For this validation, 20 subjects were recruited to perform the iBreastExam Gen II procedure on the silicone phantoms. The silicone phantoms were constructed by layering two individual slabs of silicon, one measuring 20cm x 12.5cm x 1cm, the other measuring 20cm x 12.5cm x 2cm. The silicone slabs were placed on top of each other, with the lesions placed in between. Depending on which slab was placed on top, the lesion would either be 1cm or 2cm beneath the surface. Each recruit was instructed on how to use iBreastExam Gen II and was allowed to perform several practice exams prior to the study. Each recruit performed iBreastExam Gen II tests using the same device.
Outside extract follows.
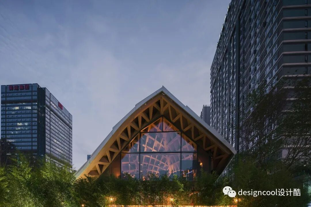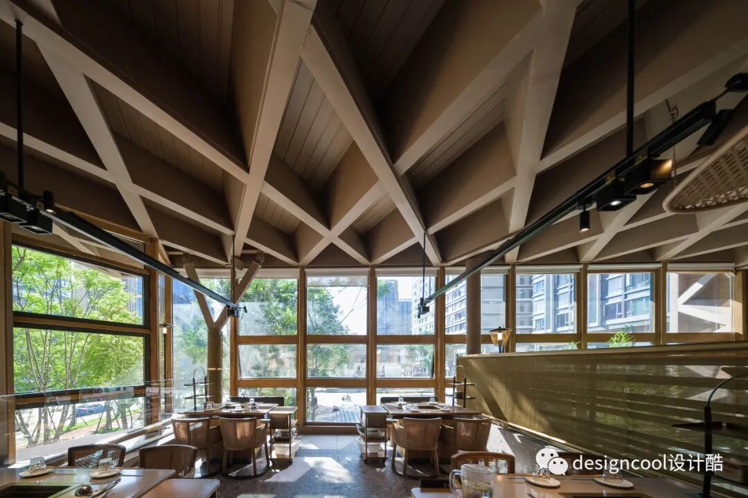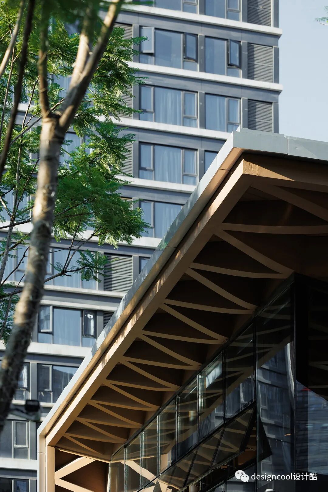 △屋檐处裸露的木结构与曲折的玻璃幕墙©虚服摄影

This test measures the ability of a single iBreastExam Gen II unit to measure the location, size, stiffness, and shape with respect to the defined lesion scenario for the same recruit.

Conclusion(s)

iBreastExam Gen II produced accurate and reproducible results.
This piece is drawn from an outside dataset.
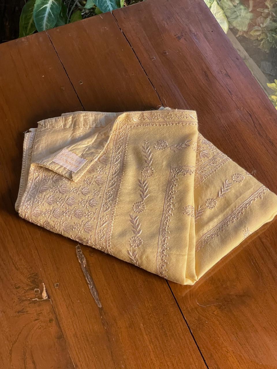Soft shades of valley on Pashmina weaved stole/shawl done with our signature resham Chikankari and finished with satin on all four sides.

Table 7: Intra-Observer Test

Type	Bench Test
Testing Procedure	Inter-system accuracy and reproducibility
Hypothesis	The results obtained from different iBreastExam Gen II devices and user pairs are reproducible for the same phantoms.
Method(s)	For this validation, 20 subjects were recruited to perform the iBreastExam Gen II procedure on the silicone phantoms. The silicone phantoms were constructed by layering two individual slabs of silicon, one measuring 20cm x 12.5cm x 1cm, the other measuring 20cm x 12.5cm x 2cm. The silicone slabs were placed on top of each other, with the lesions placed in between. Depending on which slab was placed on top, the lesion would either be 1cm or 2cm beneath the surface. Each recruit was instructed on how to use iBreastExam Gen II and was allowed to perform several practice exams prior to the study. Each recruit performed iBreastExam Gen II tests using two different devices. This test measures the ability of a multiple iBreastExam Gen II units to measure the location, size, stiffness, and shape with respect to the defined lesion scenario for the same recruit.
Conclusion(s)	iBreastExam Gen II produced accurate and reproducible results.

Table 8: Inter-System Test

Conclusion

Performance testing provided above support substantial equivalence determination. The tests demonstrate that the subject device (K190575) is as safe, as effective, and performs as well as or better than the legally marketed predicate device, iBreastExam (K142926).